The expected output is each line below containing "with", copied in full.

Source records
- Opening Delimiter -

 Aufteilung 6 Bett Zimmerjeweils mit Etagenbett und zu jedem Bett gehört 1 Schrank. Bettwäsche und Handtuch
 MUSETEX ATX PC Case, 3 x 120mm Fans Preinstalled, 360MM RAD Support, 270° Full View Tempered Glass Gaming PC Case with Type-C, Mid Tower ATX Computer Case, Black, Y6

- Closing Delimiter -
- Opening Delimiter -

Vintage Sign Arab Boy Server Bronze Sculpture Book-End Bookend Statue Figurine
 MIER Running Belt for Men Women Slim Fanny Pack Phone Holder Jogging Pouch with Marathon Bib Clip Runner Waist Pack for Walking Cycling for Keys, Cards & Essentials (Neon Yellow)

- Closing Delimiter -

Response below
 MUSETEX ATX PC Case, 3 x 120mm Fans Preinstalled, 360MM RAD Support, 270° Full View Tempered Glass Gaming PC Case with Type-C, Mid Tower ATX Computer Case, Black, Y6
 MIER Running Belt for Men Women Slim Fanny Pack Phone Holder Jogging Pouch with Marathon Bib Clip Runner Waist Pack for Walking Cycling for Keys, Cards & Essentials (Neon Yellow)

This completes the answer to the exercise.